Пока я размышляю, что бы это могло означать, Тельтевский достает из-под подушки зубную пасту и – р-раз! – привычным движением выдавливает тюбик в кружку. Вода тоже оказалась под рукой.
Ага! Вот оно что! Я уже наслышан, что зубная паста с водичкой – совсем не плохой, по мнению заядлых выпивох, коктейльчик, если, конечно, нет чего покрепче.
Кружка пошла по рукам, но выпили только Тельтевский и Круглов. Даже Серега Павлов поморщился и отстранил кружку:
– Нет уж, сами пейте эту микстуру!
Боксер выпить любил, но придерживался определенных рамок: заменителей алкоголя не употреблял…

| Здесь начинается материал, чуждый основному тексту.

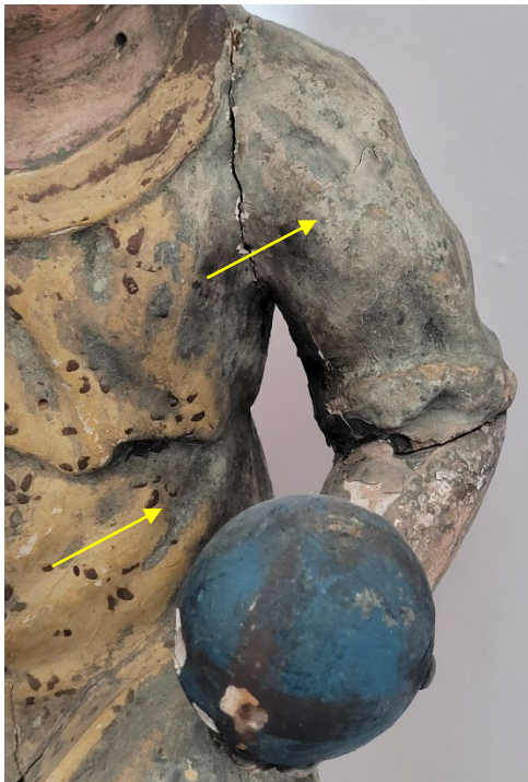
Unvollständig freigelegte Bereiche der Fassung zeigen zeitgleich unterschiedliche Fassungen (Arm und Faltentiefen wurden nicht freigelegt)

Die Fassung zeigt ein sehr uneinheitliches Erscheinungsbild. Während in großen Bereichen die Erstfassung freigelegt wurde, sind in anderen Bereichen noch großflächig jüngere Fassungsschichten erhalten. Diese passen nicht nur zeitlich nicht zusammen, sondern unterscheiden sich auch farblich sehr stark voneinander. Auch wurden große Bereiche neu mit Farbe oder Goldbronze übermalt. Diese zeichnen sich deutlich von der Originalfassung ab, da sie oftmals zu dunkel sind oder wie die Bronzeübermalungen dunkel oxidiert sind.

* * *Пока наша компания, выпивая, мрачно размышляла о своей рабской доле, в бараке началась вечеринка: ребята-узбеки решили отметить первый рабочий день. Загремела музыка. Музыканты стояли рядком у стены в дальнем конце барака. Их было трое – один с дойрой, другой с рубабом, третий – еще с чем-то, но грохотали они так, будто в оркестре было человек десять. Особенно старался дойрист. Улыбаясь до ушей, он бешено барабанил по дойре, она прямо-таки плясала в его руках. Моталась взад-вперед, будто дирижируя концертом, и голова дойриста, аж тюбетейка съехала набок. Парень работал с наслаждением: еще бы, ведь утром, на побудке, он не мог так разыграться…
Почти все перебрались поближе к музыкантам, нижние нары на той половине барака были забиты до отказа, желающие потанцевать образовали полукруг около оркестра.
«Неужели кто-то еще может танцевать после этого чертова хлопка?» – подумал я. Мне и с нар-то своих слезать было лень. А «на сцену» уже вышла первая танцорка. Это была та самая девушка, которую мы со Школьником видели на поле. Она и тогда, с тяжелым тюком хлопка, показалась мне грациозной, но сейчас! Как плавно и неторопливо шла она по кругу, то пританцовывая, то кружась, как она пощелкивала пальцами в такт шажкам, как поднимались ее руки, как склонялась головка! «Какой там хлопок! – думал я, с восторгом глядя на нее. – Может, он мне приснился? Неужели эту красотку из «Тысячи и одной ночи» – вон какие на ней шаровары, какое шелковое платье, как красиво заплетены эти бесчисленные черные косички – я видел сегодня с тюком на голове? Не может быть!»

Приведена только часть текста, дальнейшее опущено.